Нина, опустив голову, прижала к горящим щекам ладони. Может быть, впервые за все годы жизни с Владиславом она заколебалась, усомнилась в его непогрешимости.
Под окнами послышался скрип снега. Нина вскочила, прижалась головой к голове Любы, близко заглянула ей в глаза:
— Ты все-таки не сердись на него! Он из чистых побуждений... Не ошибается тот, кто ничего не делает..
Она кинулась на кухню подогревать молоко: Владислав пожаловался, что у него горло побаливает. А Люба сидела и думала о том, что круг, собственно, замыкается. До самой последней минуты она надеялась: все как-то утрясется, при помощи Жукалина и Нины с Владиславом можно будет найти общий язык. Но они будто круговой порукой были связаны, всячески защищали Владислава. А вот сейчас ей, Любе, предстояло встретиться с Острецовым. И ей страшновато стало: посильную ли ношу взяла на себя?

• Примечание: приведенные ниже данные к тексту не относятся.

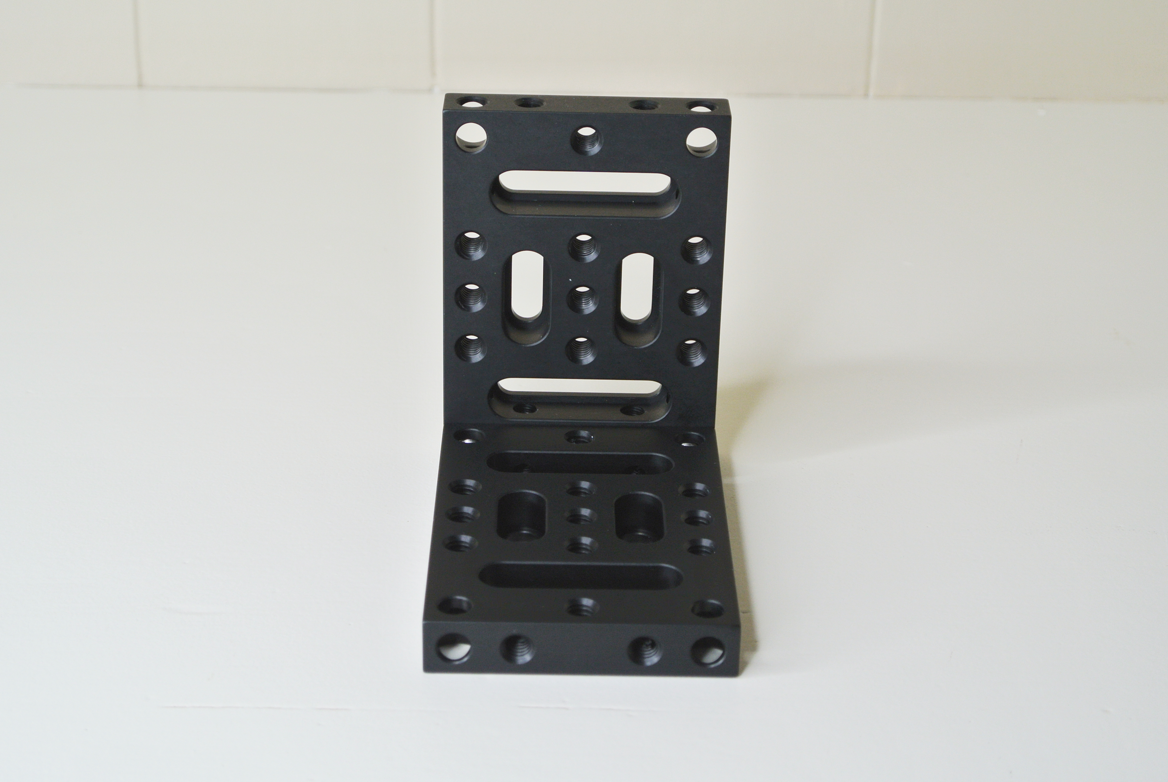 You could use two (or more) of these assembled brackets to suppkort a larger or heavier workpiece. There are other ways to make a bracket using this product, depending upon your specific application. Often it’s easier or less expensive to use these COTS parts for your application than to order custom designed parts from your machine shop. An engineer or technician could be rewarded by experimenting with these plates for a little while to discover other ways to use the CB-2 Construction Plates.

Владислав разделся в прихожей, чмокнул Нину в щеку и вошел в горницу. С холода лицо его было румяным, на бровях блестели капельки от растаявших снежинок. Он внес с собой запах вьюжной степи и крепкого мороза. За руку поздоровался с Любой и нагнулся к кроватке сына, поцеловал ручонку. Оживленно обернулся к Любе, скованно сидевшей на диване.
— Ты что это не раздеваешься, Любовь Николаевна?

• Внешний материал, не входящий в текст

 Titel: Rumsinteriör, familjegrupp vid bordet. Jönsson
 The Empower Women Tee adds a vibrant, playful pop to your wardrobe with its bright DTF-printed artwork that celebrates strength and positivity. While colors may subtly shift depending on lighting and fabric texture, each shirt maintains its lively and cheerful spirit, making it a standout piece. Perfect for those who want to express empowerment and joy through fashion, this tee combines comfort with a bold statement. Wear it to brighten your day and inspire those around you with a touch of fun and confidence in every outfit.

— Я на минутку забежала...
Нина внесла бокал горячего молока и подала Владиславу. Сказала, что ей пора на педсовет в школу.

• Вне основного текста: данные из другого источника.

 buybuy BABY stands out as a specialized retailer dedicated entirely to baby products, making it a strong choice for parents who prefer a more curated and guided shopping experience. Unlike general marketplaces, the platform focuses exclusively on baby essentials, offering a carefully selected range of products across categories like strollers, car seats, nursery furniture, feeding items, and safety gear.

— Ты не пойдешь, Слава? — а сама просительно поглядела на Любу: не надо, не трогай ты его, пожалуйста!
— Устал зверски, Нинок, и промерз...
— Вот и ладно, с Сергеем побудешь, — без радости сказала она и украдкой вздохнула.
Нина собралась и ушла.
Владислав шагал по комнате взад-вперед, осторожно отхлебывал из бокала. Иногда останавливался перед чучелом ястреба, молча глядел на него и отходил с многозначительной улыбкой.
— Да, чуть не забыла! Поздравляю тебя с избранием в члены обкома! — Люба через силу усмехнулась. Она и сама не понимала, почему вдруг стала робеть. Неужели боялась Острецова?
Он мельком взглянул на нее: «Заигрывает?»
— Спасибо. Откровенно говоря, не ожидал...
Люба молчала. Не ожидал, что изберут, или не ожидал, что Люба поздравит с избранием?
Он снова остановился перед чучелом ястреба, грея ладони о горячий бокал.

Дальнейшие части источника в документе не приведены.